### Your assignment:
Starting at the line with "Маленький ребенок рисует" and ending at the line with "- 线性图构建:Linear", print exactly the lines of the entries below. Pictures do not belong in the copy.

### Supplied entries:

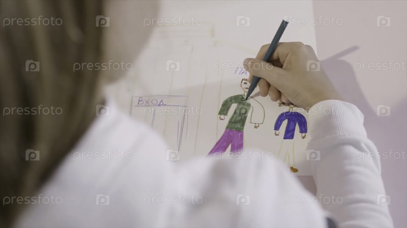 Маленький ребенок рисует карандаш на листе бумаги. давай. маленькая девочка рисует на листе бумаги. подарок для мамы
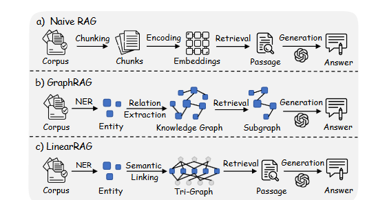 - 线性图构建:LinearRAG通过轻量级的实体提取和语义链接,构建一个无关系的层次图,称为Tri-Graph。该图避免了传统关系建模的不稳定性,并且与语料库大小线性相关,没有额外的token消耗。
...
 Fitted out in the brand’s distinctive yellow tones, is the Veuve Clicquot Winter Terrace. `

### Exercise response:
 Маленький ребенок рисует карандаш на листе бумаги. давай. маленькая девочка рисует на листе бумаги. подарок для мамы
 - 线性图构建:LinearRAG通过轻量级的实体提取和语义链接,构建一个无关系的层次图,称为Tri-Graph。该图避免了传统关系建模的不稳定性,并且与语料库大小线性相关,没有额外的token消耗。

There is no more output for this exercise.